◆ Provided records ◆
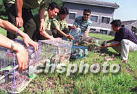 北京人年食麻雀逾百萬 昔日“害鳥”待拯救 2001年08月25日 10:23 ![]() 二十四日,北京市林政稽查大隊(duì)在京郊森林公園放生五百多只麻雀,這些麻雀是昨日在鳥市稽查救回的。中國目前已加大對各種野生動(dòng)物的保護(hù)力度,于去年八月立法規(guī)定:捕殺、出售、食用麻雀已屬違法。中新社記者 張宇 攝
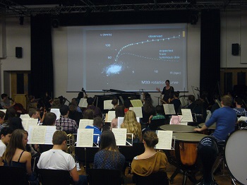 Nina Whiteman, who has worked with the orchestra extensively to help them prepare, including giving a presentation on astrophysics (see photograph), says: “They are a really enthusiastic exuberant group; the response has been very imaginative and they have taken on some quite difficult scientific concepts.”
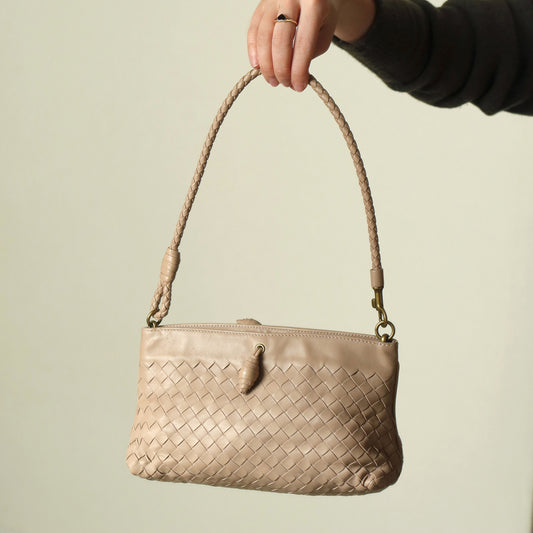 Bottega Veneta Vintage Sand Beige Intrecciato Pochette Clutch Shoulder Bag
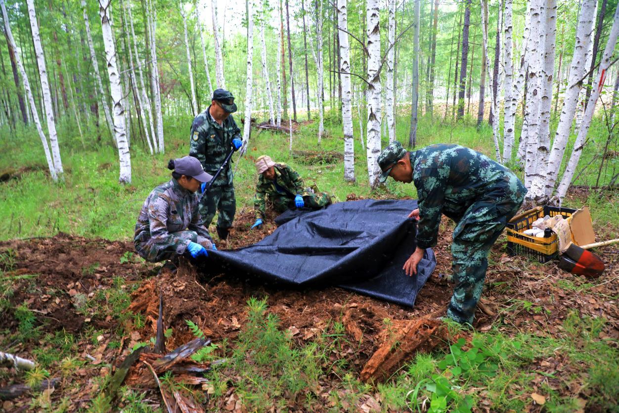 阿木爾林業(yè)局工作人員在利用剩余物培育林下赤松茸(王力 攝)
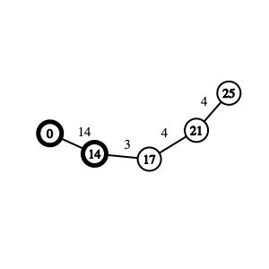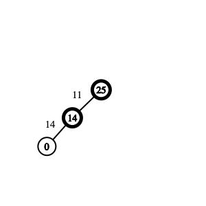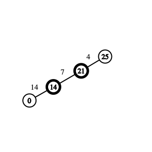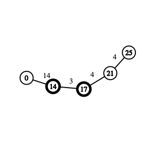 6. 바위14와 바위25의 거리는 11이다. 12미만 이므로 바위25를 제거해야하지만, 끝점이므로 바위14를 제거한다. (5)
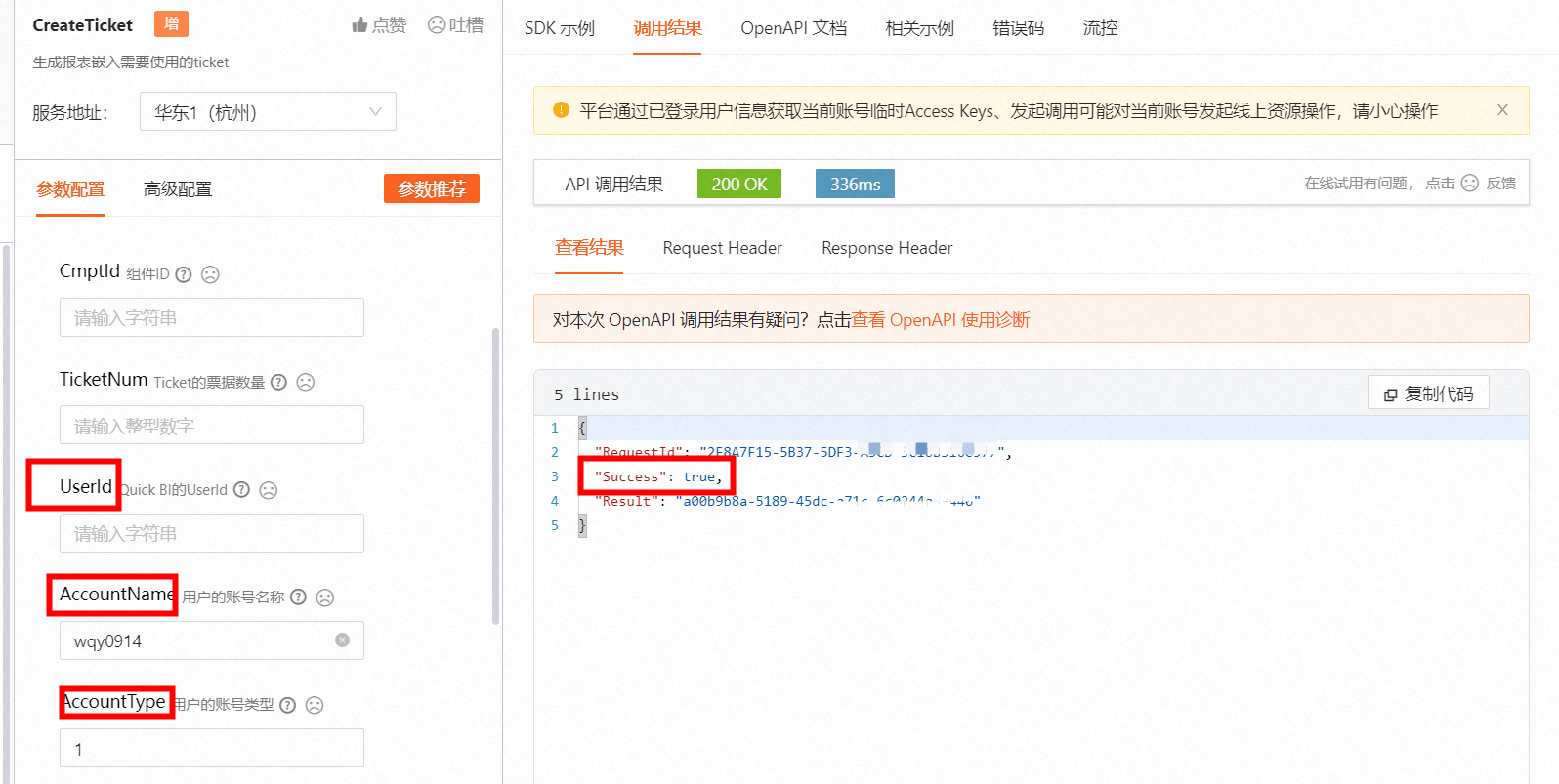 Quick BI调用接口生成报表嵌入需要使用的Ticket报错:"ApiUser.Not.Exists"
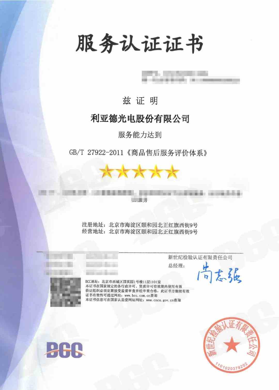 利亞德秉持“高品質(zhì)、優(yōu)服務、重誠信、盡職責、服務,一切讓顧客滿意”的經(jīng)營理念,不斷提升企業(yè)的產(chǎn)品質(zhì)量和服務質(zhì)量,以優(yōu)質(zhì)服務能力獲BCC頒發(fā)的商品售后服務認證五星證書,為未來進軍家電市場的戰(zhàn)略布局奠定了堅實基礎。
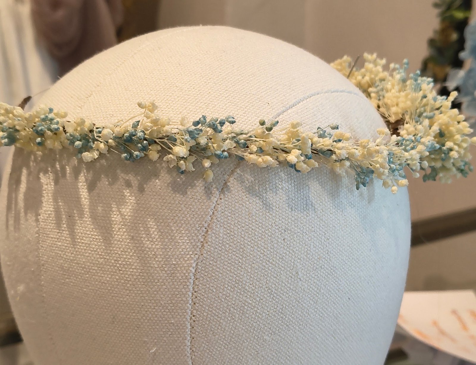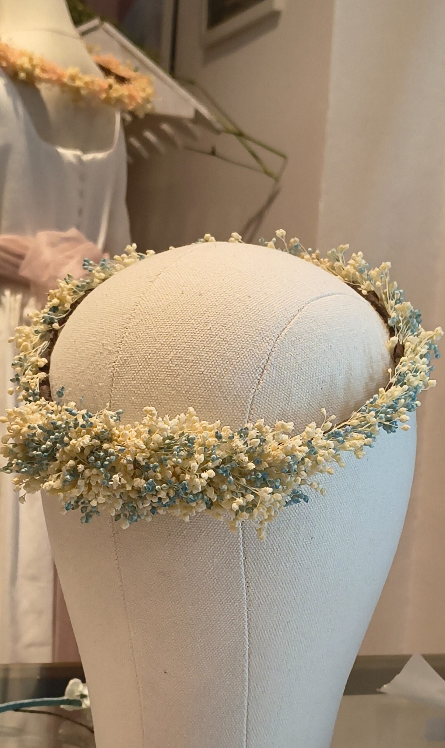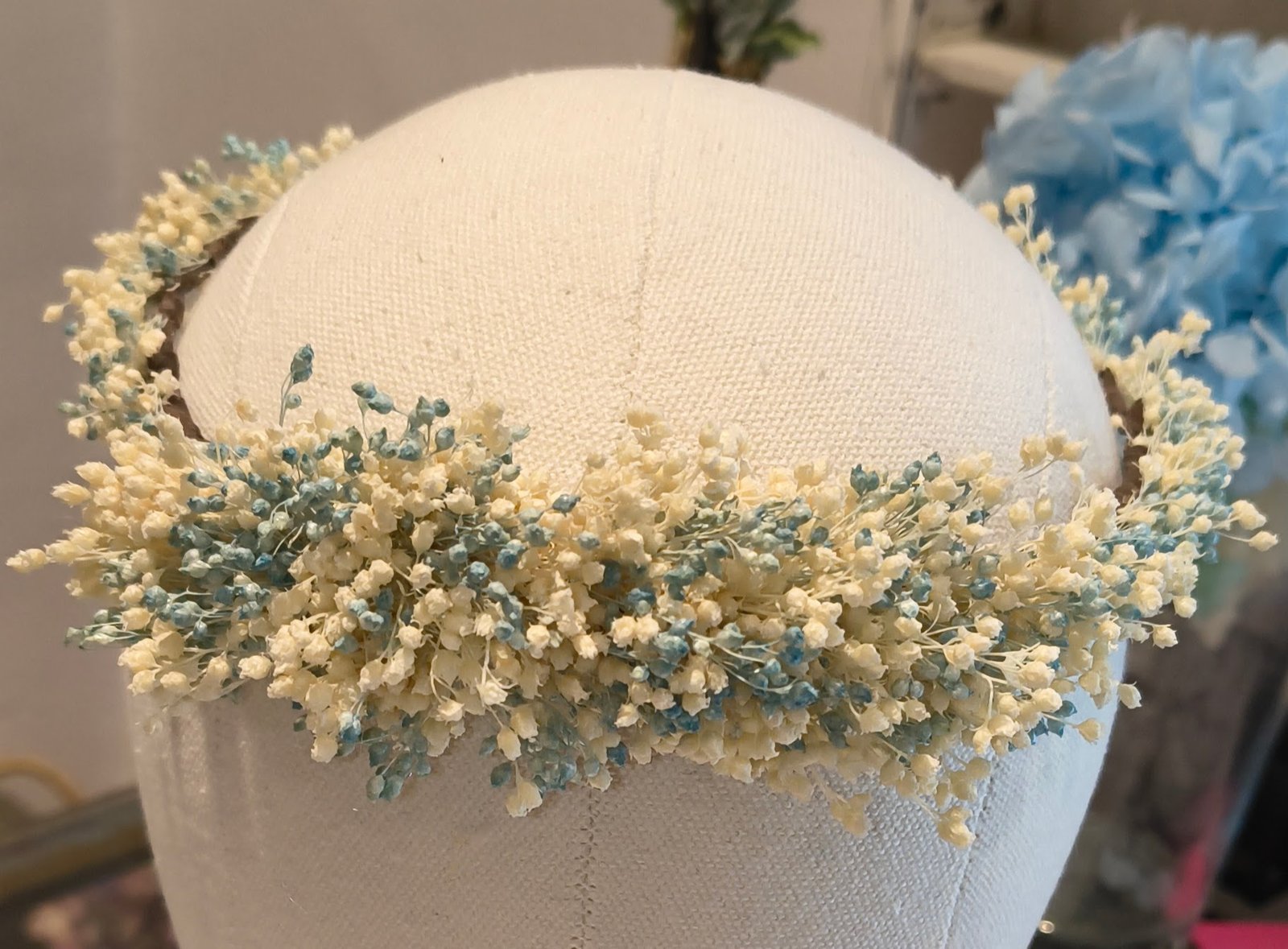 Corona completa silvestre con flores preservadas color rosa claro con blanco natural. y aguamarina con blanco natural

◆ Problem requirements ◆
Please retype, exactly as they appear, the lines from the one with "Bottega Veneta Vintage" through the final line of the material, both included, and drop any pictures.

◆ Response ◆
 Bottega Veneta Vintage Sand Beige Intrecciato Pochette Clutch Shoulder Bag
 阿木爾林業(yè)局工作人員在利用剩余物培育林下赤松茸(王力 攝)
 6. 바위14와 바위25의 거리는 11이다. 12미만 이므로 바위25를 제거해야하지만, 끝점이므로 바위14를 제거한다. (5)
 Quick BI调用接口生成报表嵌入需要使用的Ticket报错:"ApiUser.Not.Exists"
 利亞德秉持“高品質(zhì)、優(yōu)服務、重誠信、盡職責、服務,一切讓顧客滿意”的經(jīng)營理念,不斷提升企業(yè)的產(chǎn)品質(zhì)量和服務質(zhì)量,以優(yōu)質(zhì)服務能力獲BCC頒發(fā)的商品售后服務認證五星證書,為未來進軍家電市場的戰(zhàn)略布局奠定了堅實基礎。
 Corona completa silvestre con flores preservadas color rosa claro con blanco natural. y aguamarina con blanco natural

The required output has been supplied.